[[ Records provided, beginning ]]
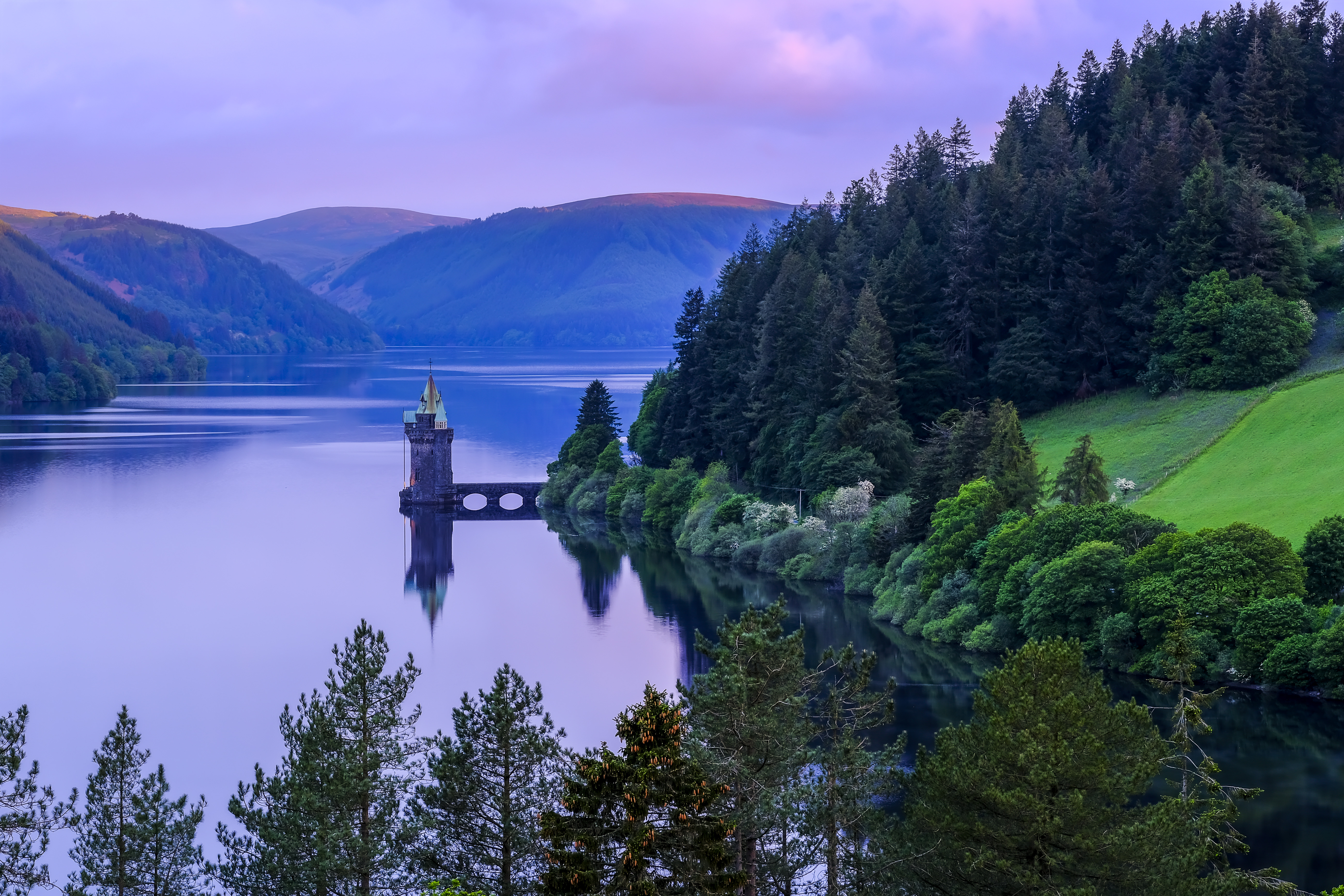 Tomando la A-470 hasta Rhayder, nos introducimos en el precioso valle de Elan, que forma parte de las escarpadas montañas de Cambrian. Antes de empezar a explorarlo Mike detiene el coche en el centro de visitantes, donde me invita a entrar. Es muy recomendable pasar por aquí. Te proporcionarán un mapa de la zona con las rutas que se pueden hacer a pie, en bicicleta o en coche para ver los lugares más interesantes del paraje. “El encanto del valle reside en la antropización del mismo” señala Jane, una afable guía que nos acompaña. Abre los ojos como platos, y añade que “pocas veces la naturaleza y la mano del hombre se han fusionado tan bien como en el Valle de Elan”. Y no le falta razón, a la vista está el idílico paisaje que desde 1892 dibuja el suave modelado del valle combinado con las presas que se construyeron para abastecer las necesidades de Birmingham. La última en construirse fue la de Claerwen, que la inauguró en 1952 la reina Isabel. Personalmente me fascina la elegante arquitectura del viaducto del embalse de Craig Góch , que a la vez hace de muro de contención. Desde aquí y por la carretera que da acceso al embalse las vistas sobre el valle son espectaculares. Nunca imaginé ver un paisaje tan idílico fruto de la arquitectura industrial.
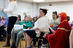 We kicked off activities with a drama workshop from practitioner Kate Perry, who led an enthusiastic crew of attendees through Shakespearean rehearsal techniques that he would have used with the King's Men (the name of Shakespeare’s acting company) to produce a scene from one of his plays.
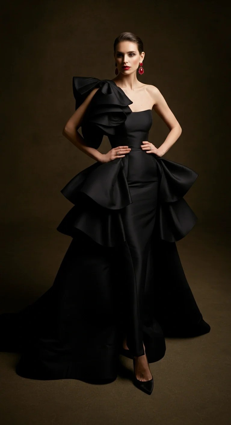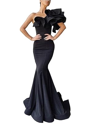 Buy on AmazonA striking black gown, reaching the floor, features bold, architectural ruffles for a dramatic effect. This design is a modern statement.
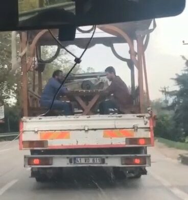 Yolda ilerleyen kamyonetin kasasındaki piknik masasında karşılıklı 2 kişinin oturduğu dikkatlerden kaçmadı. Her şey buraya kadar normal görünse de, o iki kişinin tavla oynaması “bu kadarına da pes” dedirtti.
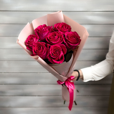 7 малиновых роз в упаковке Эквадор 60 см| 3 700 Р | без скидки |
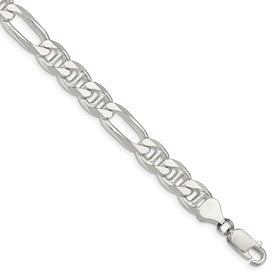 Specifications: Material: Primary - Purity:925|Finish:Polished|Length of Item:9 in|Chain Length:9 in|Chain Type:Anchor|Chain Width:7.75 mm|Clasp /Connector:Lobster|Coating:Anti-tarnish|Feature:Solid|Manufacturing Process:Casted|Material: Primary:Sterling Silver|Width of Item:7.75 mm|Product Type:Jewelry|Jewelry Type:Chains|Sold By Unit:Each|Bracelet Type:Chain Styles|Gender:Unisex|Material: Primary - Color:White|Chain Type 2:Figaro
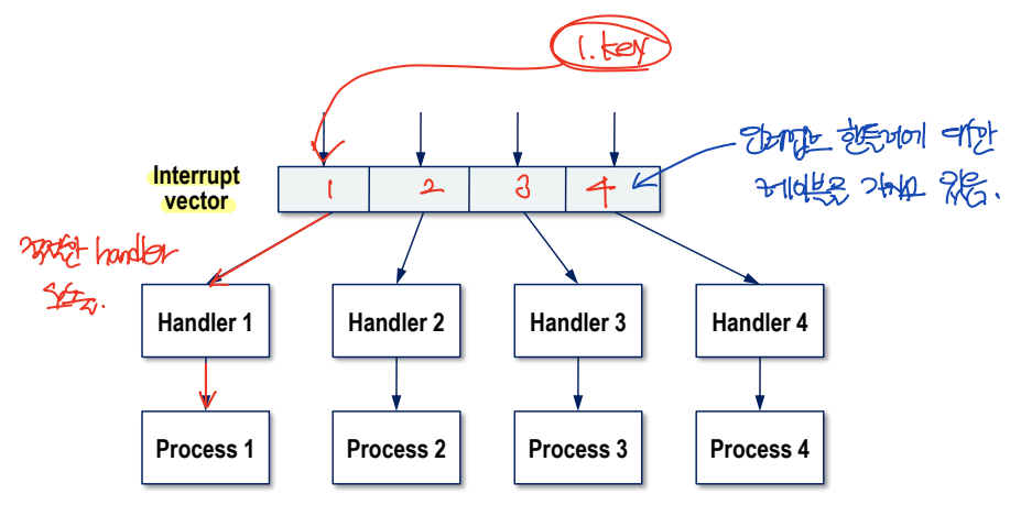 - 인터럽트 벡터는 인터럽트 핸들러에 대한 테이블을 가지고 있고, 인터럽트가 발생하면 적절한 handler를 호출한다.
[[ Records provided, end ]]
Using the data above, which lines fall from the one with "Yolda ilerleyen kamyonetin" through the one with "7 малиновых роз"? Repeat them exactly, ends included, minus any pictures.

 Yolda ilerleyen kamyonetin kasasındaki piknik masasında karşılıklı 2 kişinin oturduğu dikkatlerden kaçmadı. Her şey buraya kadar normal görünse de, o iki kişinin tavla oynaması “bu kadarına da pes” dedirtti.
 7 малиновых роз в упаковке Эквадор 60 см| 3 700 Р | без скидки |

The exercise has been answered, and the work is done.